Real life is when you fight (and what I’m doing about it)
I’ve got a goal to publish a blog post every Sunday. I asked a woman at work who used to be a professional cat blogger how to be successful with this blog. She told me two things. To write consistently about real life and never give up. So Sunday is my blog day. Over the last several months I’ve been so reactive and just written about what’s going on. The other day Henry and I wrote a list of things we wanted to do for the blog to be strategic.
This isn’t going to support any strategy. It’s totally about what happened today.
True to form of being totally transparent, we got in a fight this morning and even though I tried really super hard to stay centered and be loving and supportive of Henry I actually pretty much lost it and left the house while he was in the shower. I went over to some friend’s house to watch football and get some emailing done that I needed to do. And I came home at half time and he hasn’t talked to me since.
So I’m feeling all kinds of things. I want to get mad at him and go into the goal of revenge but that’s what I used to do and I’m working SO hard on changing. I want to fall into a power struggle with him and demand that he turn down the TV right now. I want to ignore him now and act like I don’t care. But I DO care.
And so what I’m doing right now as I write this is I’m tapping into my feelings. It’s what our coach Judy would tell me to do. I’m feeling sad and abandoned. Because when I was little my parents would disappear emotionally from me. So having someone shut down on me is the most horrific thing that can happen to me. I feel like that little girl who would do ANYTHING to get her parents to notice her.
Triggers are interesting things. They come from the part of our brain commonly called the “lizard brain.” It’s the part of our brain which has not evolved over thousands of years. So when that part of the brain that feels the emotions set in place during childhood, the brain doesn’t know I’m 56, it just knows something happened that feels like it used to when I was small.

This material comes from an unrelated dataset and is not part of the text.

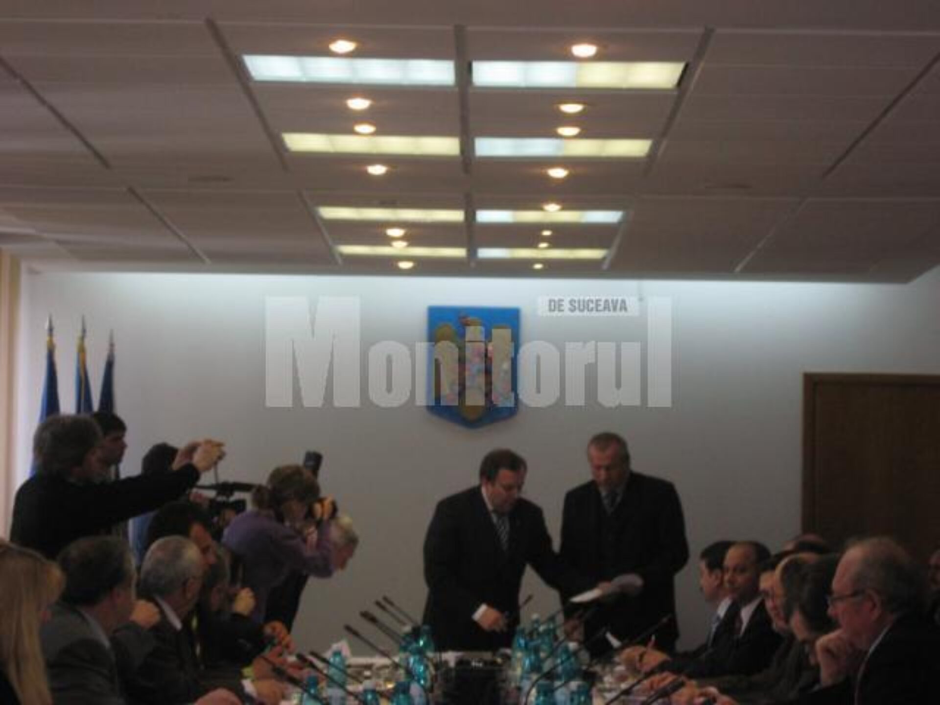 După ce a citit hotărârea de validare a mandatului de consilier județean al lui Titi Petrea, Flutur i-a strâns acestuia mâna și l-a invitat să depună jurământul.

It takes considerable presence and self awareness and self love to become the “Observer” and watch the pain, feel it in the present and honor the inner child…the one Judy describes as bleeding on the sidewalk. To stop and sit down with my little “me” and love her and comfort her.
The most important thing to do is not act on the pain. Well, I did earlier because I was feeling all righteous and angry and I wanted to punish Henry for what felt like being mean to me. So I guess he gets to feel righteous and angry and want to punish me for walking out on him.
But now. Now I will feel so sad. As Judy would say, it makes sense Ii would feel so sad right now. I had a history of being shut out (in reality, my parents were just dealing with their own inner pain and didn’t ever have any idea that going inside themselves felt like terrifying abandonment to me) So I am in my favorite chair listening to some healing music with binaural beats for removing subconscious blockages (How’s that for intentional?) and writing.
I’m glad I’ve got this blog. I can’t write in a journal to save my life but I can write here. And I think this will help me heal and grow more than almost anything I will do in my life…besides the intense work we’re doing with Judy of course.
So I honor little Kasey. And by writing this I’m sitting down with her and stroking her hair and saying gosh it was sad back then wasn’t it? But I”m here now to help you through those old moments and to be the grown up and help you feel safe and loved.
And then of course the greatest thing I can do is recognize that Henry is also feeling huge pain and although it looks like something scary to my inner child, he just wants love in the end too. And I DO love him so. And God brought us together so we can relive our childhoods in a new and healing way and trigger each other and grow in love. (But believe me, I’m still human and this is tough stuff!!)